Capecitabine in Treating Patients Who Have Undergone Previous Surgery, Radiation Therapy, and/or Chemotherapy for Head and Neck Cancer

This study has been completed.
Sponsor:
Collaborator:
Information provided by:
Barbara Ann Karmanos Cancer Institute
ClinicalTrials.gov Identifier:
NCT00258310
First received: November 22, 2005
Last updated: March 13, 2012
Last verified: June 2011
  Purpose

RATIONALE: Drugs used in chemotherapy, such as capecitabine, work in different ways to stop the growth of tumor cells, either by killing the cells or by stopping them from dividing.
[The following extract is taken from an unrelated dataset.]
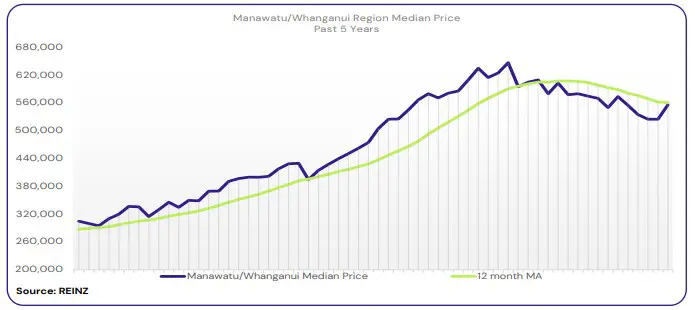 Manawatu/Whanganui’s median price decreased 4.1% year-on-year to $556,000.

Giving capecitabine after surgery, radiation therapy, and/or chemotherapy may kill any remaining tumor cells.

PURPOSE: This phase II trial is studying how well capecitabine works in treating patients who have undergone previous surgery, radiation therapy, and/or chemotherapy for head and neck cancer.


Condition Intervention Phase
Head and Neck Cancer
Drug: capecitabine
Procedure: adjuvant therapy
Phase 2

Study Type: Interventional
Study Design: Endpoint Classification: Safety/Efficacy Study
Intervention Model: Single Group Assignment
Masking: Open Label
Primary Purpose: Treatment
Official Title: A Phase II Study Examining the Feasibility of Long Term and Low Dose Oral Capecitabine (Xeloda®) in Newly Diagnosed Head and Neck Squamous Cell Carcinoma After Surgery, Radiation and/or Chemotherapy

Resource links provided by NLM:


Further study details as provided by Barbara Ann Karmanos Cancer Institute:

Primary Outcome Measures:
  • Feasibility of treatment as assessed within 365 days [ Designated as safety issue: No ]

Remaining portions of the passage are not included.